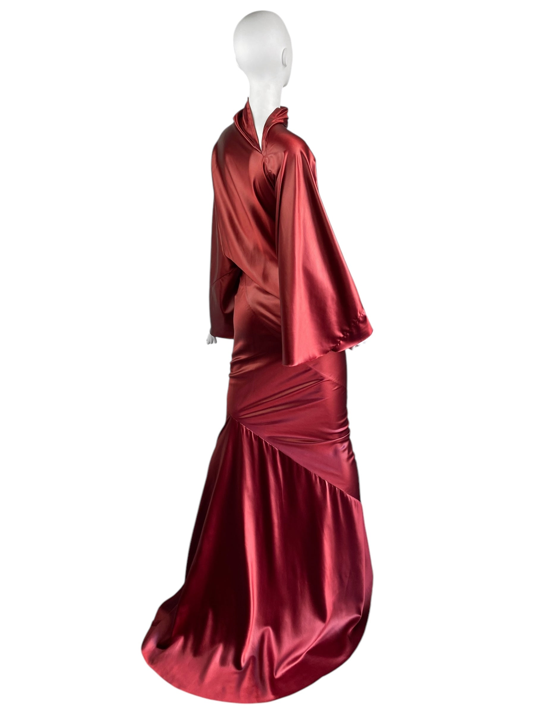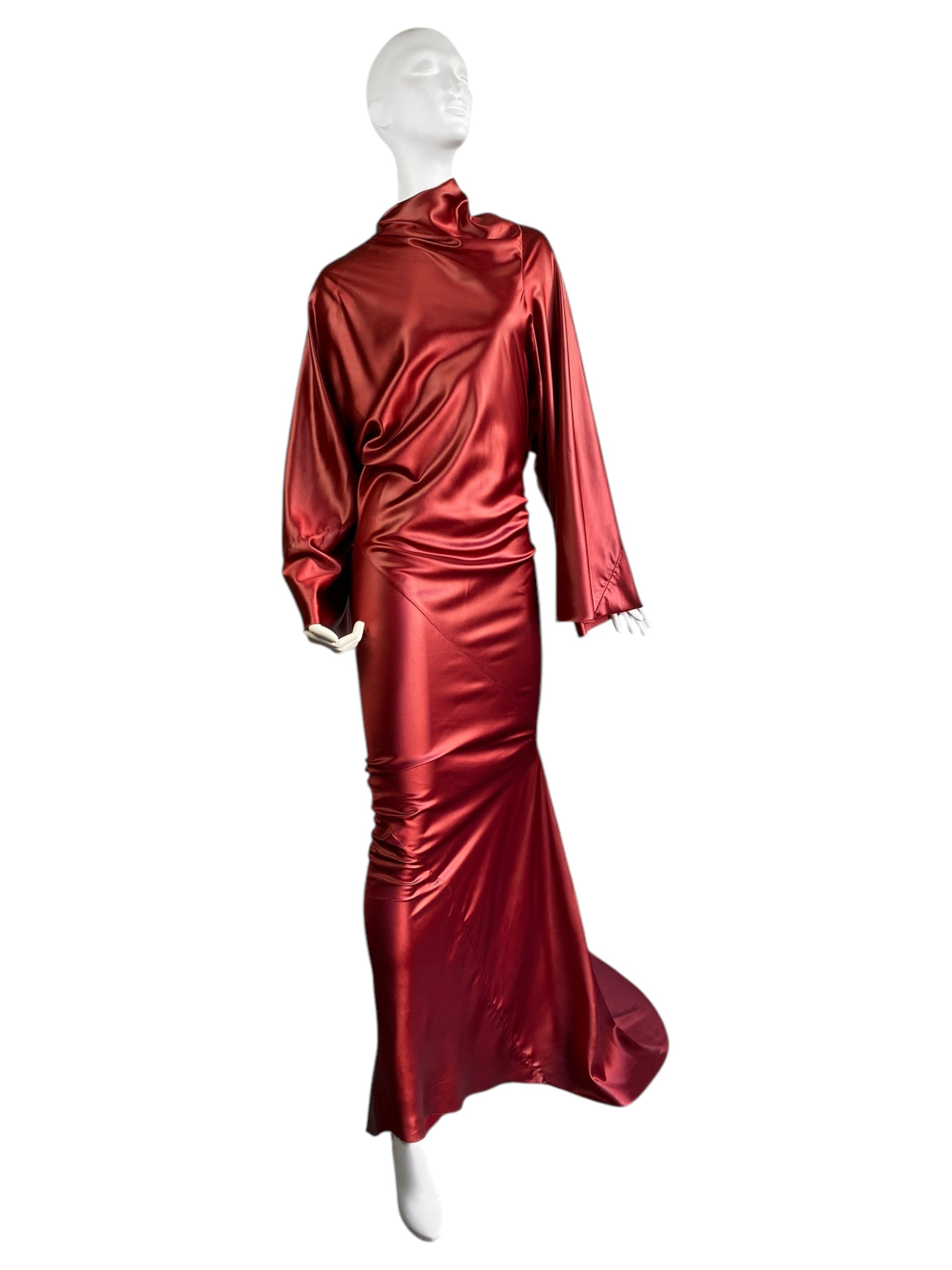 RICK OWENS FW2020 RED SATIN DRAPED GOWN
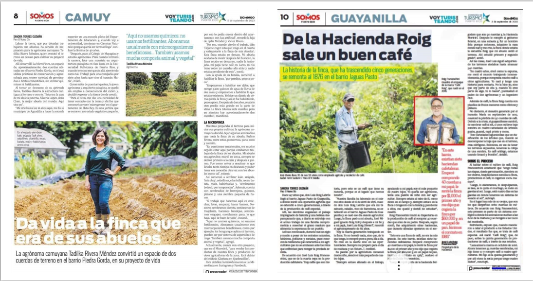 El Nuevo Día ha publicado varios perfiles agrícolas, proveyendo visibilidad a la gesta que usualmente no recibe la atención que merece. Estos perfiles han sido parte de la serie Somos, la cual tiene como objetivo realzar atributos turisticos, entre otros tantos, de nuestros municipios. Puedes ver el de Café Roig aquí, el de la Microfinca acá y en este otro enlace, el de Hábitat en Morovis. Estos diferentes perfiles pueden ser de utilidad en salones de clases.
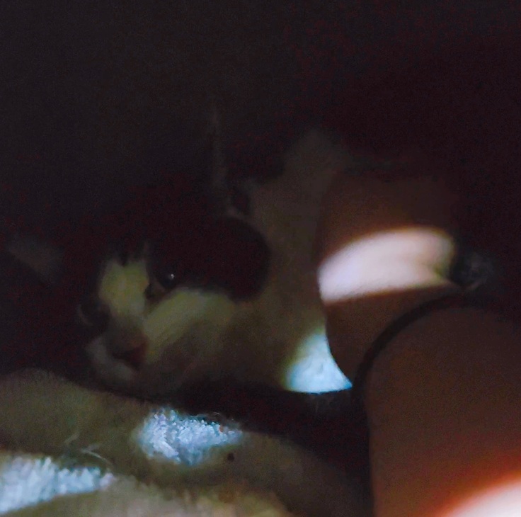 夕方のご飯をあげる少し前ですが部屋のキャットハウスの中にいるマリアちゃんを撫でてあげると頭を少し押し付けながら甘えてくれました😊
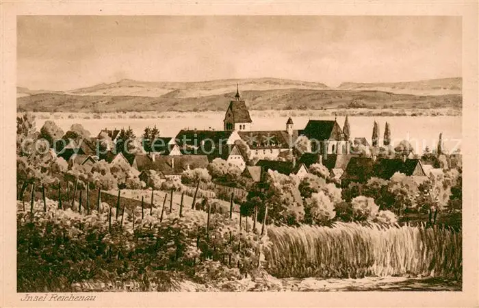 Reichenau_Bodensee Panorama mit Muenster Reichenau Bodensee postalisch nicht gelaufen 1921-1965 Erhaltung siehe scans [WerneD78] WernPID7
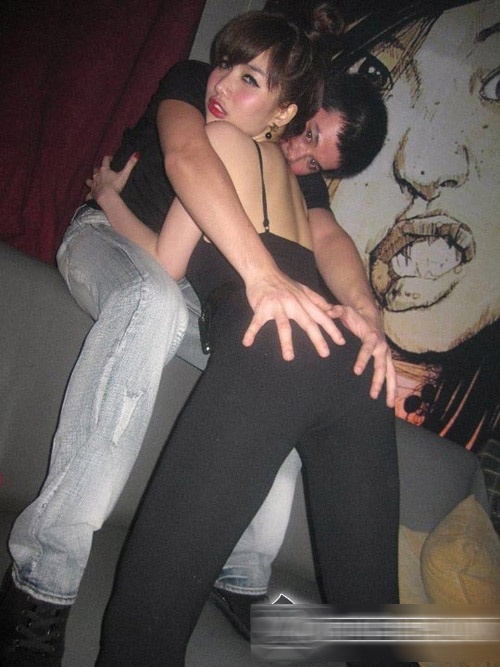 | Ngọc Hân ngồi lên đùi một chàng trai trong bar. |
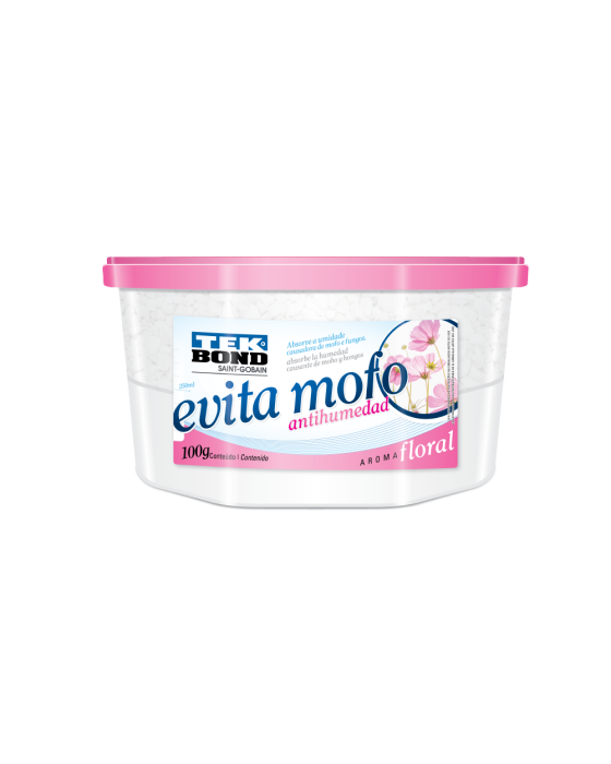 Caracteristicas:- O Evita-Mofo Tekbond é um desumidificador de extrema eficiência que, além de remover a umidade do ambiente, ainda deixa uma leve fragrância enquanto age. - Evita problemas com mofo, fungos e mal odor em armários, gavetas, guarda-roupas, baús, dispensas, sapateiras, cofres, barcos, bibliotecas, estoque de madeiras, ambientes fechados e úmidos, com baixa ou nenhuma circulação de ar, entre diversos outros. O Evita Mofo absorve a umidade do ambiente e armazena a água no pote.MODO DE USO:- 1.Limpe o local onde tiver mofo antes de colocar o evita mofo. - 2.Remova a tampa da embalagem e retire o lacre de alumínio, com cuidado para não remover ou danificar o filtro branco que fica embaixo dele.- 3.Tampe a embalagem e coloque no local.- 4.Pronto! Ação do produto é iniciada de imediato.- 5.Quando o nível de água atingir o limite máximo indicado no rótulo da embalagem, substitua por um novo Evita-Mofo Tekbond.- Aparência (visual / cor): Grânulos branco ou cinza-Atenção: Descarte o líquido acumulado no ralo e a embalagem no local de plásticos recicláveis. Se o líquido vazar do recipiente pode danificar o que entrar em contato (roupas, material de couro, livros etc.). Se o filtro branco rasgar ou a embalagem quebrar pare de usar e descarte o produto.* As especificações podem ser alteradas sem aviso prévio ** Imagem meramente ilustrativa
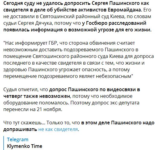 Пашинского не доставили в Святошинский районный суд Киева. По словам судьи Сергея Дячука, это произошло, потому что у Госбюро расследований появилась информация о возможной угрозе для его жизни, сообщает Telegram-канал Klymenko Time.
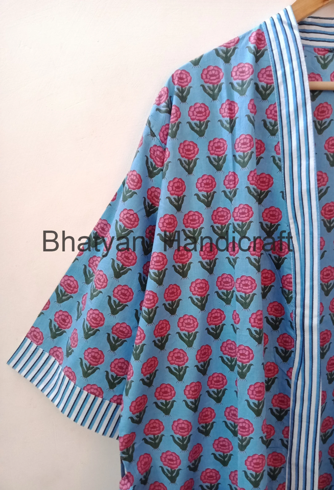 Indian Floral Kimono Cotton Bath Robe Long Dressing Gown Beach Wear Dress Bridal Kimono Gift for Her Bridesmaid Gift
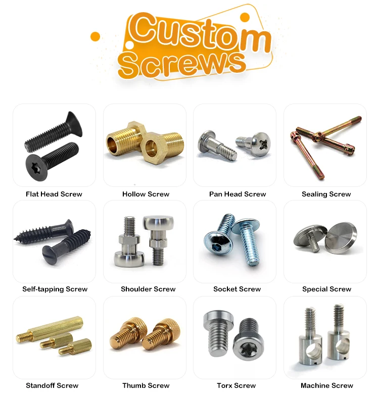 1.How can I get custom screw sample? Yes, just need sample cost, we will return it back in mass production. We also provide free samples in special conditions. 2.How about the lead time? It depends on quantity, generally 7-20 days after order confirmation. 3.Can you give me help if my products are very urgent? Yes, we will try our best to give you help. Because we have our own factory to produce. We can flexible to adjust our production schedule. 4.I want to keep our design in secret, can we sign NDA? Sure, we will not display any customers' design or show to other people, we can sign NDA. 5.Can we know the production process without visiting the factory? We will offer a detailed production schedule and send pictures and videos which show the machining progress.
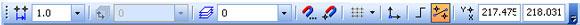 4) Панель Текущее состояние — расположены кнопки для управления курсором, его координаты. Также здесь можно установить/запретить привязки курсора, включить/выключить сетку, режим ортогонального черчения.
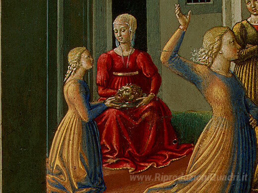 Ti offriamo una riproduzione artigianale su tela dell'opera famosa 'La danza di Salomè (particolare)' di Benozzo Gozzoli, dal Museo delle Riproduzioni.
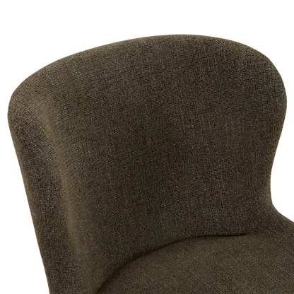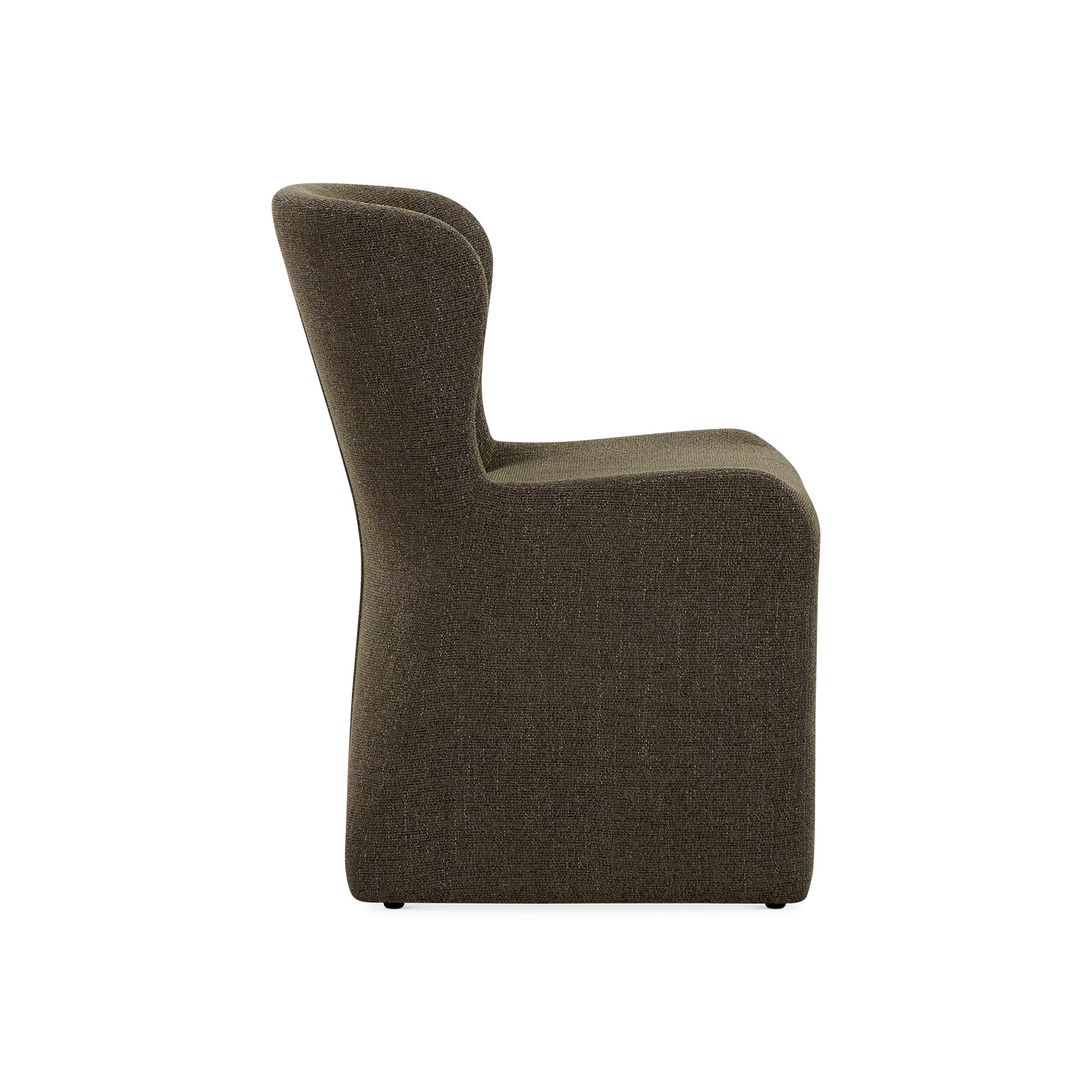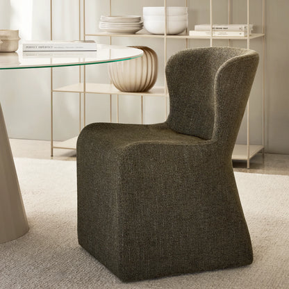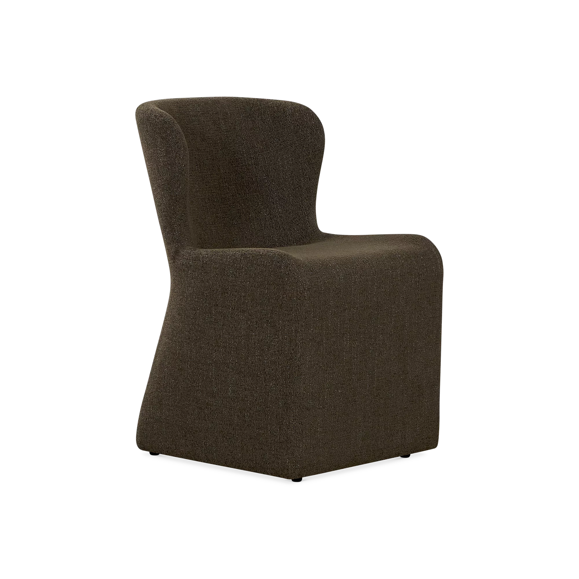 The Bound dining chair redefines modern seating with its bold, continuous silhouette. Wrapped in richly textured fabric, it balances sculptural curves with inviting comfort. A seamless, fully upholstered base grounds the design, while its curved backrest provides support for an artful yet functional complement to any dining room.

* What the exercise asks
Your output is the lines from the top of the entries through the line containing "trong bar. |", exactly as they stand. No pictures belong in it.

* Written solution
 RICK OWENS FW2020 RED SATIN DRAPED GOWN
 El Nuevo Día ha publicado varios perfiles agrícolas, proveyendo visibilidad a la gesta que usualmente no recibe la atención que merece. Estos perfiles han sido parte de la serie Somos, la cual tiene como objetivo realzar atributos turisticos, entre otros tantos, de nuestros municipios. Puedes ver el de Café Roig aquí, el de la Microfinca acá y en este otro enlace, el de Hábitat en Morovis. Estos diferentes perfiles pueden ser de utilidad en salones de clases.
 夕方のご飯をあげる少し前ですが部屋のキャットハウスの中にいるマリアちゃんを撫でてあげると頭を少し押し付けながら甘えてくれました😊
 Reichenau_Bodensee Panorama mit Muenster Reichenau Bodensee postalisch nicht gelaufen 1921-1965 Erhaltung siehe scans [WerneD78] WernPID7
 | Ngọc Hân ngồi lên đùi một chàng trai trong bar. |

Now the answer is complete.